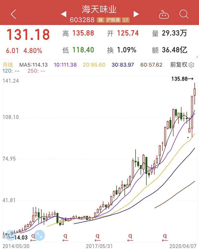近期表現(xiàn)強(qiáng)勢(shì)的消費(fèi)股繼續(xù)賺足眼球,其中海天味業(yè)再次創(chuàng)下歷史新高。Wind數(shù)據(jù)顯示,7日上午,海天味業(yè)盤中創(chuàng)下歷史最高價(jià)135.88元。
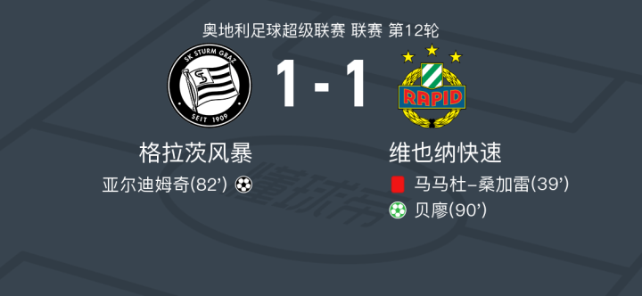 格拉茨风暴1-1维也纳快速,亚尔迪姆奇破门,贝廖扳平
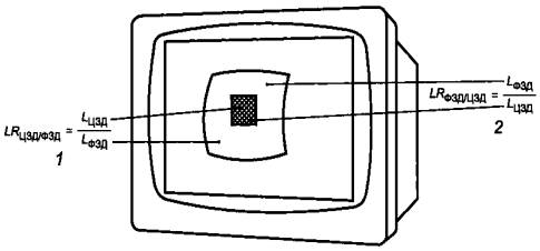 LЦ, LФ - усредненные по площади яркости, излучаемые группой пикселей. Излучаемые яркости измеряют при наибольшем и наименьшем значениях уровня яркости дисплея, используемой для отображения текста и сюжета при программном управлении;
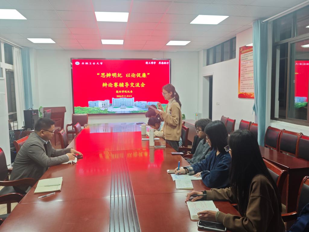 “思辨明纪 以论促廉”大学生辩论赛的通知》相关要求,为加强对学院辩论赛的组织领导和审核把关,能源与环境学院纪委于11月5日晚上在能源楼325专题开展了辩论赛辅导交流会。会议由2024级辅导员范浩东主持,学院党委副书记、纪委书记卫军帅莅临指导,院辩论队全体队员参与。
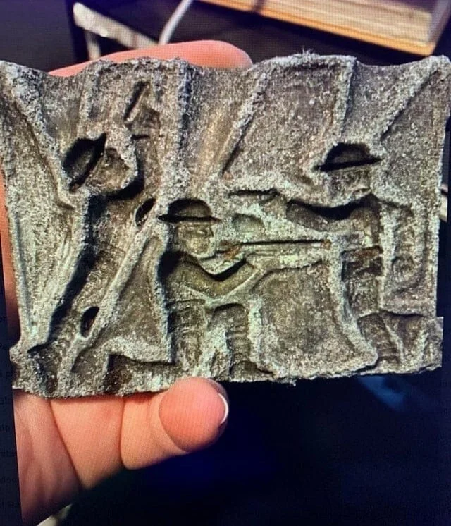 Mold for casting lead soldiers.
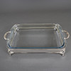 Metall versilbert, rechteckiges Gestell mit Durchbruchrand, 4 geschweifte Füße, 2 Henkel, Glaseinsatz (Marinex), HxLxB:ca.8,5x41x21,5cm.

→ **Exercise prompt**
From the line containing "格拉茨风暴1-1维也纳快速,亚尔迪姆奇破门,贝廖扳平" through the last line of the listing, inclusive, transcribe every line exactly and nothing else; the pictures stay out.

→ **Task response**
 格拉茨风暴1-1维也纳快速,亚尔迪姆奇破门,贝廖扳平
 LЦ, LФ - усредненные по площади яркости, излучаемые группой пикселей. Излучаемые яркости измеряют при наибольшем и наименьшем значениях уровня яркости дисплея, используемой для отображения текста и сюжета при программном управлении;
 “思辨明纪 以论促廉”大学生辩论赛的通知》相关要求,为加强对学院辩论赛的组织领导和审核把关,能源与环境学院纪委于11月5日晚上在能源楼325专题开展了辩论赛辅导交流会。会议由2024级辅导员范浩东主持,学院党委副书记、纪委书记卫军帅莅临指导,院辩论队全体队员参与。
 Mold for casting lead soldiers.
 Metall versilbert, rechteckiges Gestell mit Durchbruchrand, 4 geschweifte Füße, 2 Henkel, Glaseinsatz (Marinex), HxLxB:ca.8,5x41x21,5cm.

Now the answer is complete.